Avant d'en terminer avec ce genre de chasse, il nous reste
un point sur lequel nous désirons attirer l'attention de nos lecteurs. On sait
qu'indépendamment de la mise en place d'un leurre il est très utile d'avoir à
proximité de la hutte un arbre de faible hauteur, aussi dénudé que possible,
dit arbre de pose. Il est d'ailleurs beaucoup plus facile d'amener sur le
terrain quelque végétal bien choisi que de compter sur ceux que peut fournir le
paysage. On aura avantage à le placer un peu plus près que le leurre, de telle
manière que les oiseaux qui viendront s'y poser (pies et geais principalement)
tournent le dos à la hutte en regardant le grand-duc. Nous en profiterons pour
les détruire commodément.
Il est bien inutile, en effet, pour tuer un oiseau très
visible, placé à 20 mètres, d'employer une cartouche calibre 16 en faisant
ainsi du bruit bien malencontreux. Une petite carabine fera parfaitement notre
affaire et, en ce qui concerne le calibre, nous donnerons la préférence à la
munition Bosquette 6 millimètres ordinaire, ou à balle ogivale. On pourra
employer également la 22 conique. Les munitions 22 short et 22 L. R. sont
trop puissantes et traversent l'oiseau sans le faire tomber à coup sûr. En
outre, la 22 L. R., tirée sous des angles correspondant à la hauteur de
l'arbre de pose, possède une trajectoire assez tendue et d'une portée
considérable pouvant donner lieu à des accidents.
Cette destruction à la muette augmentera certainement le
tableau ; il ne nous sera pas interdit, en outre, de surveiller les arbres
des environs, s'il y en a, et d'en descendre ce qui pourra venir s'y percher en
supplément. Les jours de grand passage, si notre hutte est assez vaste, nous
pourrons charger quelque camarade de prendre en main la carabine.
Ainsi pratiquée, la chasse à la hutte gagne en intérêt
sportif et voit son rendement sensiblement augmenté.

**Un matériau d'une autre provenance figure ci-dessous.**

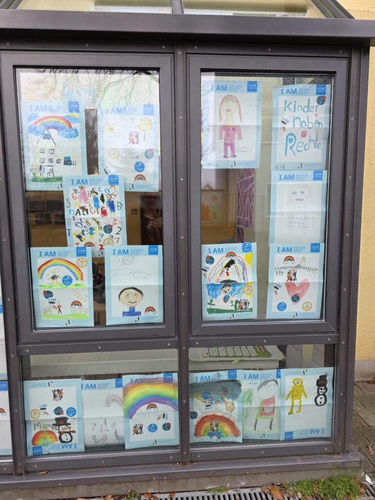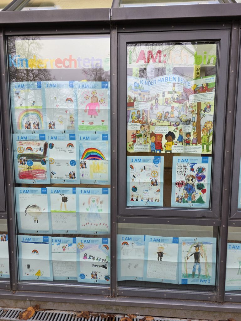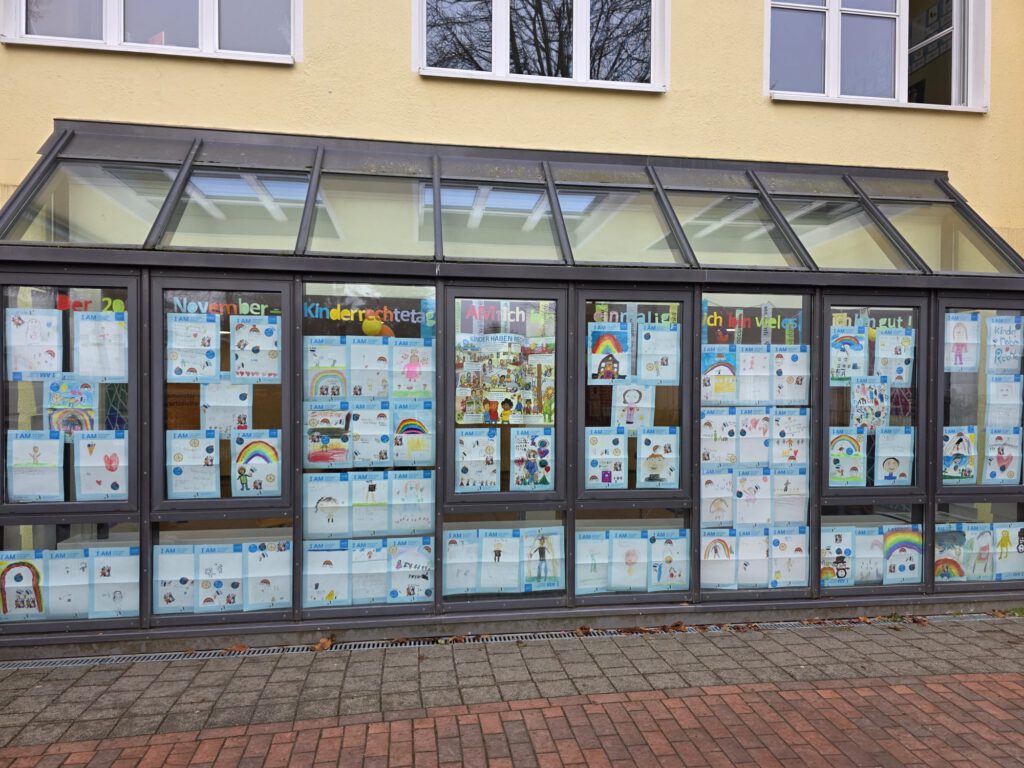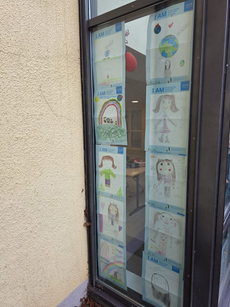 Am 20.11.2025 haben wir uns wieder am internationalen Tag der Kinderrechte beteiligt. Alle Kinder erhielten ein Plakat, auf dem sie schreiben, malen, zeichnen, basteln … durften, wer sie sind und was sie ausmacht. Anschließend wurden die Kunstwerke bei uns im gut sichtbaren Außenfensterbereich ausgestellt. Die Poster und Sticker wurden von UNICEF zur Verfügung gestellt. Danke dafür! Hier ein kleiner Ausschnitt der entstandenen Werke. Am besten sind die Werke natürlich vor Ort zu bestaunen 🙂

Dans le même ordre d'idées, nous terminerons par quelques
mots sur les munitions destinées au tir des gibiers posés sur des arbres
élevés, de hauteur bien connue. C'est le cas, par exemple, de la chasse aux
grives pendant l'hiver, alors qu'elles abondent dans les touffes de gui qui
garnissent certains hauts peupliers. Le tir à balle serait bien tentant, mais
il nous a toujours paru d'un faible rendement exécuté à bras francs sur un
objectif aussi petit que la grive.
En outre, l'oiseau se trouve souvent protégé par les
brindilles environnantes, nécessitant l'emploi d'un plomb plus gros que celui
qui répond exactement à la masse de la grive. Il convient donc de rechercher
ici le groupement serré d'une cartouche ordinaire (la grive le vaut bien) et de
s'assurer par quelques tirs en cible, à distance égale à la hauteur des arbres
(1), que la densité du groupement est suffisante ; en général, le n°8
conviendra bien jusqu'à 30 mètres, ce qui constitue une bonne distance, compte
tenu de l'obliquité possible du tir.
Nous pouvons également recommander le n°6 sur le pigeon
ramier. Sur ce dernier gibier, le tir à balle aurait quelque chance de succès
si la visibilité était suffisante, ce qui n'est pas toujours le cas.
Nous serions heureux si quelques-uns de nos lecteurs
trouvaient dans ces notes l'occasion de perfectionner leurs méthodes de chasse.
M. MARCHAND,
Ingénieur E. C. P.
(1) Nous rappelons que la dispersion est la même en tir
vertical ou en tir horizontal, à égalité de distance.